Aljoša Čampara (born 20 January 1975) is a Bosnian politician who served as the Federal Minister of Interior from 2015 to 2023. He is currently a member of the Federal House of Peoples and was the deputy mayor of Sarajevo as well.

Čampara was a member of the Party of Democratic Action, until he left it in 2020 to join the People and Justice party a year later.

==Early life and education==
Čampara was born in Dubrovnik to a very influential family, but has nearly all his life lived in Sarajevo. His father was Avdo Čampara, a prominent Bosniak politician and a close associate of Alija Izetbegović, a Bosniak leader during the Bosnian War.
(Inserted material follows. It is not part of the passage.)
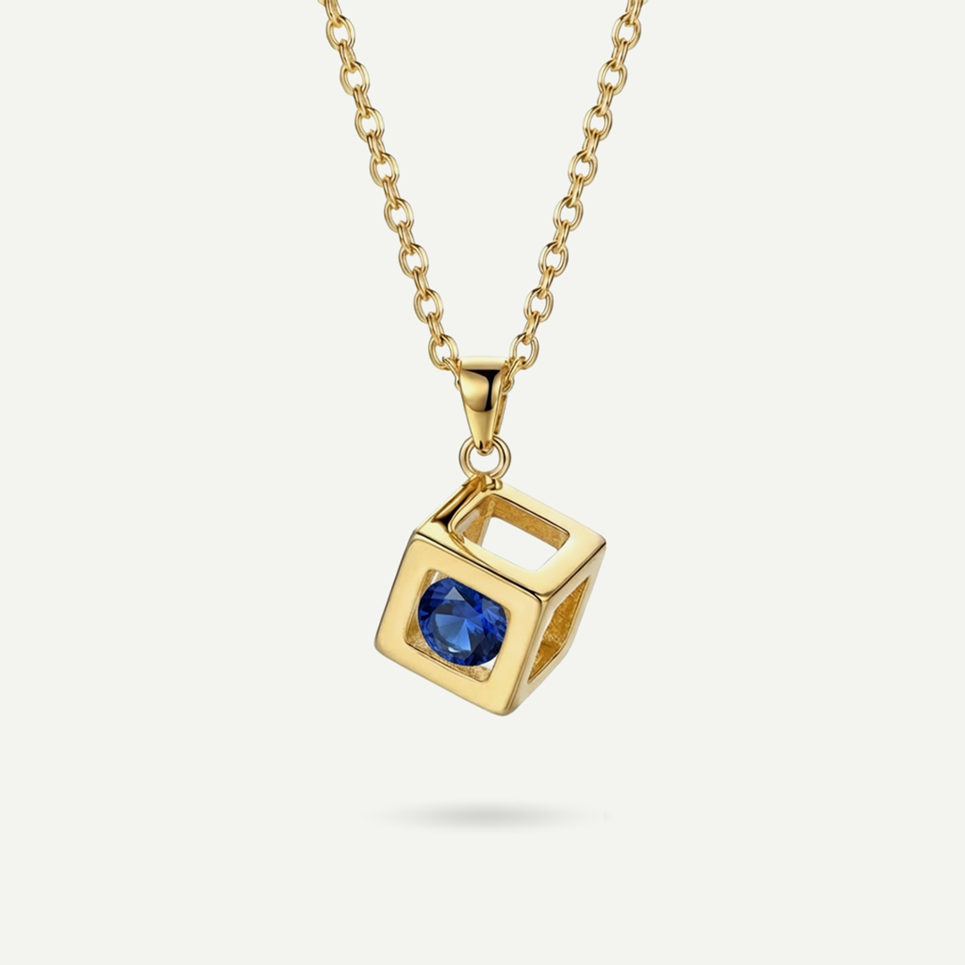 Collana Fabiani in oro 9kt con cubo e zircone blu

After finishing elementary school and high school, Čampara attended the Sarajevo Faculty of Law.

==Political career==
Soon after graduating, Čampara was employed as an associate in the Department for Personnel Issues and the Department for Protocols of the Parliamentary Assembly of Bosnia and Herzegovina. After that, he held a various administrative duties, he was a secretary of the Constitutional-Legal Commission of the national House of Peoples, and later a secretary of the House of Peoples, than a secretary of the Joint Service of the Parliamentary Assembly of Bosnia and Herzegovina, after which he was named an advisor of the Chairman of the House of Peoples, later becoming a member of the Legislative-Legal Commission of the House of Peoples, where he served as an external expert. Čampara was also a member of the Steering Committee of the Faculty of Political Science in Sarajevo. He is currently a member of the Assembly of the Islamic Community of Bosnia and Herzegovina.

Ivo Komšić was elected Mayor of Sarajevo on 27 March 2013, while Čampara was elected deputy mayor as a Bosniak representative, along with Rako Čović, who was elected as the Serb representative.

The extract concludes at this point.